Since we are talking tomatoes, if your plants look anything like mine, they have a ton of green fruit and a few colored ones coming. Oh my, we are going to have a lot of tomatoes soon. Note to self, grow 500 plants next year instead of 1000! This year is a little tricky to manage the tomato crops, sunburn has been harder than normal. We usually combat this by leaving more foliage, but when you leave more foliage, you also produce more fruit. And more fruit means smaller tomatoes, but at least the sunburn is limited. However, harvest is delayed, and you must fertilize them more heavily and more often because the plants are bigger and full of more fruit. But it takes labor to thin 1000 tomato plants, and labor has been in short supply this year.
Who would have thought that you must spend so much time thinking about growing tomatoes? However, the original point I was going to make is that at some point soon, it will be important to water the tomatoes less and also pick off any new blossoms that will not ripen before it turns cold.

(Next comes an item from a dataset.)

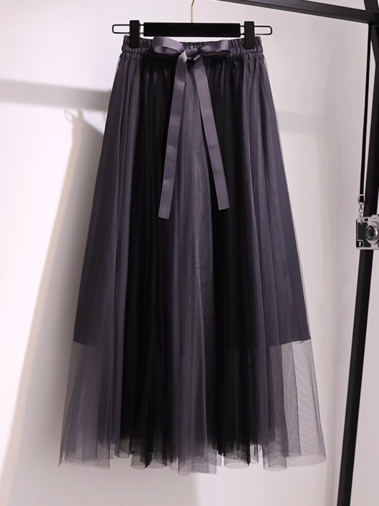 エレガントに魅せる上品なチュールスカート ウエストリボン ハイウエスト ロング ウエストゴム 裏地付き 大きいサイズ 韓国 CH9746

Tomato plants are trying to produce as much fruit and seeds as possible so that their progeny can grow next year. As a farmer, I need them to produce fruit and then ripen it. Here lies the challenge. I need to decide when to introduce stress and send the plant a signal to focus on ripening the fruit on the vine and spend less time growing more leaves to produce more fruit.
If this were after Labor Day, I would encourage all of you to cut back on watering and pick off some blossoms, but this year is anything but normal.
What am I going to do? I am going to water less and encourage the plants to focus on ripening the tomatoes that have set fruit.